Shihao Xu Shihao Xu - 16 days ago 7x
Scala Question

Scala - Spark Word Count, why sliding not working

I want to count the frequency of each bigram.

So I wrote

val intputFile = "bible+shakes.nopunc"
val sentences = sc.textFile(intputFile)

val bigrams = => sentence.trim.split(' ')).flatMap( wordList =>
for (i <- List.range(0, (wordList.length - 2))) yield ((wordList(i), wordList(i + 1)), 1)

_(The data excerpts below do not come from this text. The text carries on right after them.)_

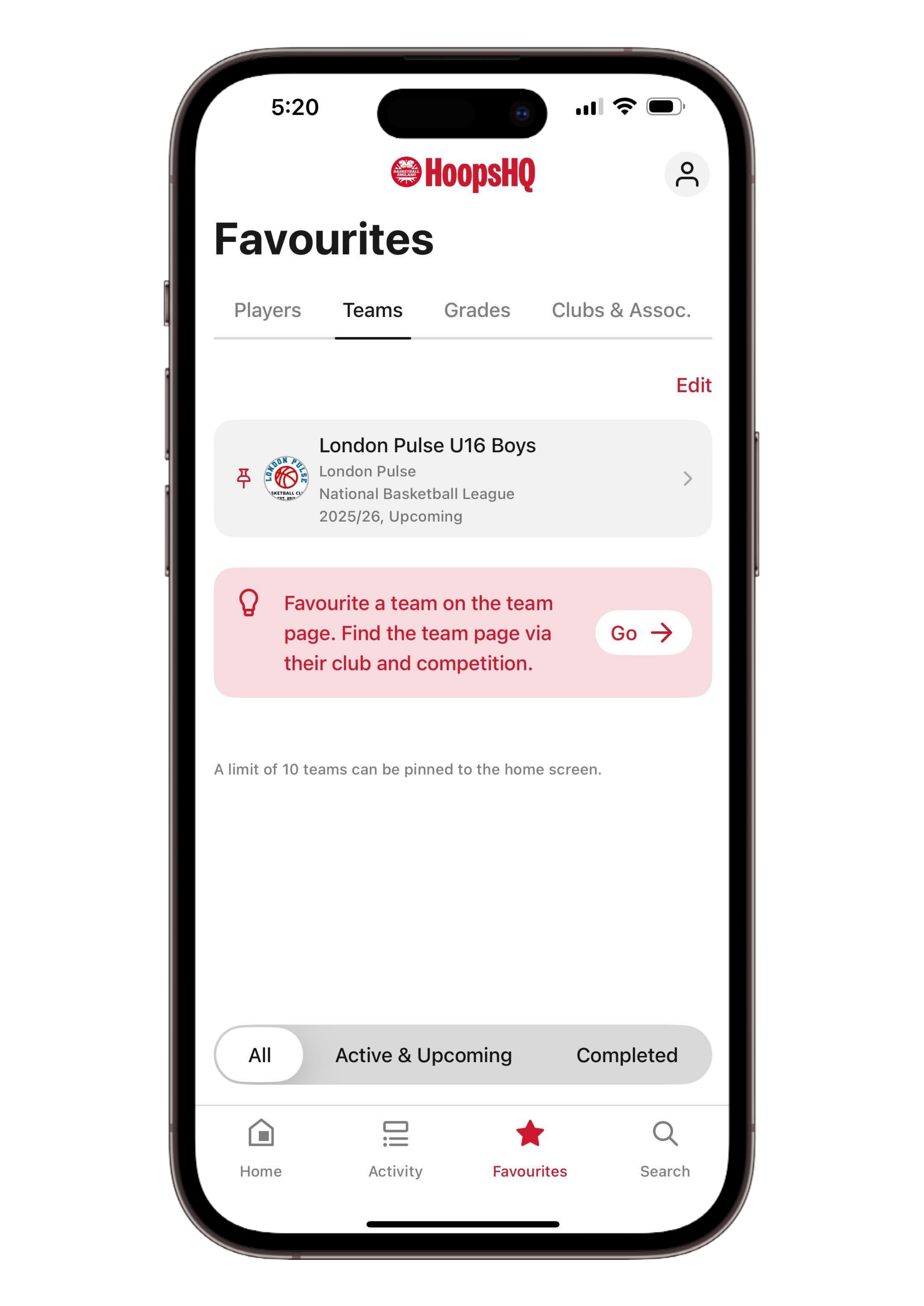 When you ‘favourite’ a team or grade, your home screen will be setup with shortcuts to quickly access results and stats from any court.
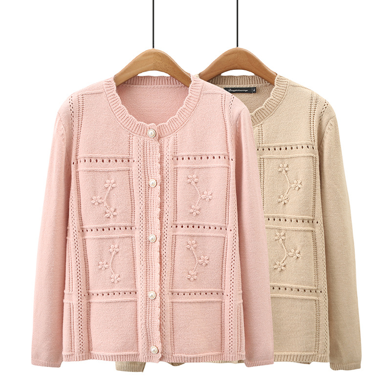 K6 plus size women’s autumn clothing new chubby girl slimming loose all-match casual knitted pearl buckle embroidered cardigan 2331
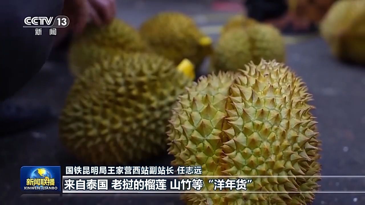 國(guó)鐵昆明局王家營(yíng)西站副站長(zhǎng) 任志遠(yuǎn):今年以來(lái),車(chē)站進(jìn)出口貨物明顯增加,來(lái)自泰國(guó)、老撾的榴蓮、山竹等“洋年貨”源源不斷運(yùn)抵。國(guó)內(nèi)的“國(guó)貨潮牌”陸續(xù)運(yùn)往東南亞國(guó)家。
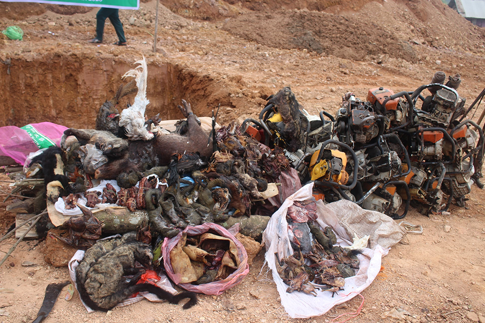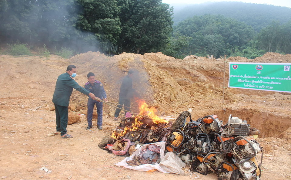ວັນທີ 26 ພະຈິກຜ່ານມາກອງກວດກາປ່າໄມ້ພະແນກກະສິກຳ ແລະປ່າໄມ້ແຂວງຫຼວງນໍ້າທາໄດ້ຈູດທໍາລາຍສັດປ່າ,ສີ້ນສ່ວນສັດປ່າ, ຈັກສະຕິນ ແລະອາວຸດລ່າເນື້ອທີ່ຍຶດໄດ້ມາຈາກປະຊາຊົນຜູ້ກະທຳຜິດຕໍ່ລະບຽບກົດໝາຍຢູ່ທີ່ສະໜາມຂີ້ເຫຍື້ອເມືອງຫຼວງນໍ້າທາເຂົ້າຮ່ວມຂອງ ທ່ານ ສຸລິວັນ ພົມມະຈິດ ຮອງຫົວໜ້າຫ້ອງວ່າການແຂວງ,ທ່ານ ໂພທິສັກ ພາພວມແພງ ຮອງກອງກວດກາປ່າໄມ້ພະແນກກະສິກຳ ແລະປ່າໄມ້ແຂວງມີຫົວໜ້າ-ຮອງຫົວໜ້າຂະແໜງການທີ່ກ່ຽວຂ້ອງຂອງແຂວງເມືອງສອງກອງບັນຊາການພ້ອມດ້ວຍອົງການປົກຄອງບ້ານແລະວິຊາການພາຍໃນກອງກວດກາປ່າໄມ້ເຂົ້າຮ່ວມ.
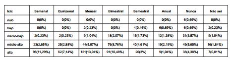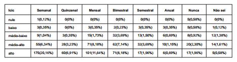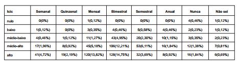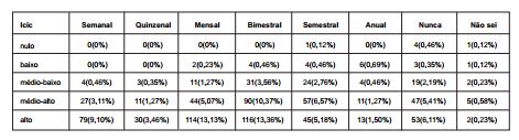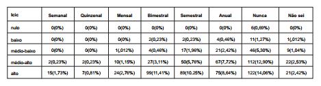 Aqui também é possível notar uma relação entre as frequências de realização da prática pedagógica por parte dos professores e o nível de Icic dos mesmos: aumentam as porcentagens de frequências “semanal”, “quinzenal”, “mensal” e “bimestral” e diminuem as “semestral”, “anual” e “nunca” conforme cresce o nível de Icic.
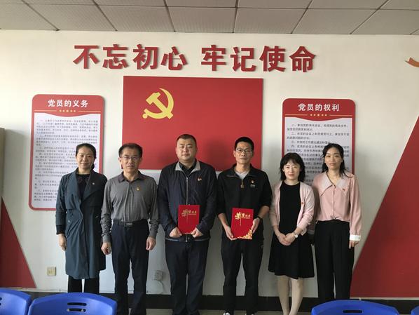 图为证书颁发仪式现场合影(从左到右分别是王曼、幸福堂、张金华、尹勤操、马丽君、李先梅)
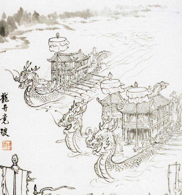 相传起源于古时楚国人因舍不得贤臣屈原投江死去,许多人划船追赶拯救。他们争先恐后,追至洞庭湖时不见踪迹。之后每年五月五日划龙舟以纪念之。借划龙舟驱散江中之鱼,以免鱼吃掉屈原的身体。竞渡之习,盛行于吴、越、楚。
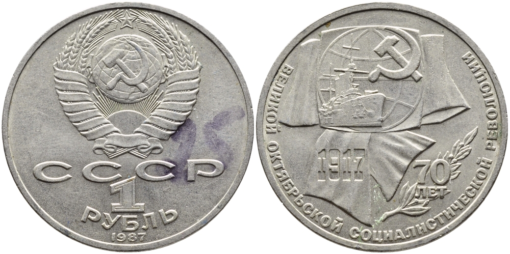 СССР 1 РУБЛЬ 1987 70 ЛЕТ ОКТЯБРЬСКОЙ РЕВОЛЮЦИИ KM 206 медно-никель 4389-931
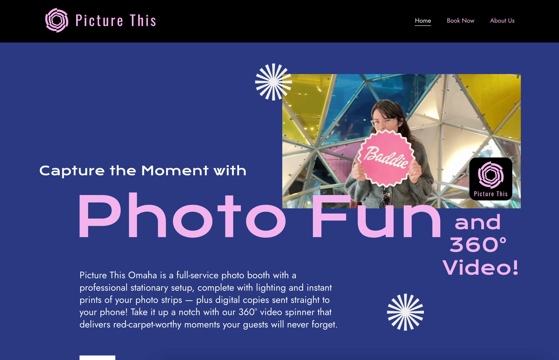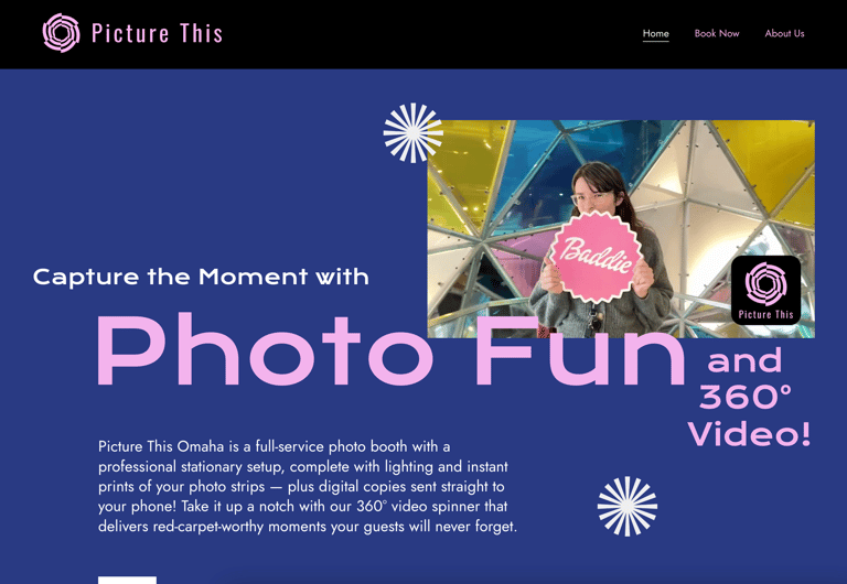 Picture This Omaha is a mobile photo booth and video spinner company that makes fun their business. To match the high-energy vibe they bring to every event, I designed their website with bold colors, punchy graphics, and plenty of real photos and videos from the real life moments they help create.
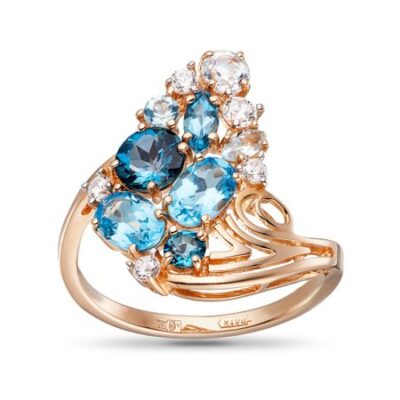 Серебряное кольцо с ювелирным кристаллом и фианитами 585*Золотой
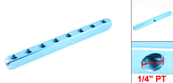 DetailsBlue 1/4" PT Air Pneumatic Cylinder 8 Ways Aluminum Manifold Block Splitter  Product Name Manifold Block Threaded Ports Quantity 11 Ports Way 8 Color Blue Material Aluminum Threaded Port Size 1/4" PT Overall Size 23.5 x 2 x 2cm / 9.3" x 0.8" x 0.8" (L*W*H) Weight 166g Package 1 x Manifold Block

val bigrams2 = => sentence.trim.split(' ')).flatMap( wordList =>
wordList.sliding(2).map{case Array(x, y) => ((x,y), 1)}

And they seems to have the same type.

scala> bigrams
res11: org.apache.spark.rdd.RDD[((String, String), Int)] = MapPartitionsRDD[7] at flatMap at <console>:28

scala> bigrams2
res12: org.apache.spark.rdd.RDD[((String, String), Int)] = MapPartitionsRDD[11] at flatMap at <console>:28

scala> bigrams.collect
res15: Array[((String, String), Int)] = Array(((holy,bible),1), ((bible,authorized),1), ((authorized,king),1), ((king,james),1), ((james,version),1), ((version,textfile),1), ((in,the),1), ((the,beginning),1), ((beginning,god),1), ((god,created),1), ((created,the),1), ((the,heaven),1), ((heaven,and),1), ((and,the),1), ((and,the),1), ((the,earth),1), ((earth,was),1), ((was,without),1), ((without,form),1), ((form,and),1), ((and,void),1), ((void,and),1), ((and,darkness),1), ((darkness,was),1), ((was,upon),1), ((upon,the),1), ((the,face),1), ((face,of),1), ((of,the),1), ((the,deep),1), ((deep,and),1), ((and,the),1), ((the,spirit),1), ((spirit,of),1), ((of,god),1), ((god,moved),1), ((moved,upon),1), ((upon,the),1), ((the,face),1), ((face,of),1), ((of,the),1), ((and,god),1), ((god,said),1), ((...

However, when I do so

scala> bigrams.collect
res13: Array[((String, String), Int)] = Array(((holy,bible),1), ((bible,authorized),1), ((authorized,king),1), ((king,james),1), ((james,version),1), ((version,textfile),1), ((in,the),1), ((the,beginning),1), ((beginning,god),1), ((god,created),1), ((created,the),1), ((the,heaven),1), ((heaven,and),1), ((and,the),1), ((and,the),1), ((the,earth),1), ((earth,was),1), ((was,without),1), ((without,form),1), ((form,and),1), ((and,void),1), ((void,and),1), ((and,darkness),1), ((darkness,was),1), ((was,upon),1), ((upon,the),1), ((the,face),1), ((face,of),1), ((of,the),1), ((the,deep),1), ((deep,and),1), ((and,the),1), ((the,spirit),1), ((spirit,of),1), ((of,god),1), ((god,moved),1), ((moved,upon),1), ((upon,the),1), ((the,face),1), ((face,of),1), ((of,the),1), ((and,god),1), ((god,said),1), ((...

scala> bigrams2.collect
16/10/05 10:17:52 ERROR Executor: Exception in task 1.0 in stage 11.0 (TID 20)
scala.MatchError: [Ljava.lang.String;@3224ea91 (of class [Ljava.lang.String;)
at $line27.$read$$iw$$iw$$iw$$iw$$iw$$iw$$iw$$iw$$anonfun$2$$anonfun$apply$1.apply(<console>:29)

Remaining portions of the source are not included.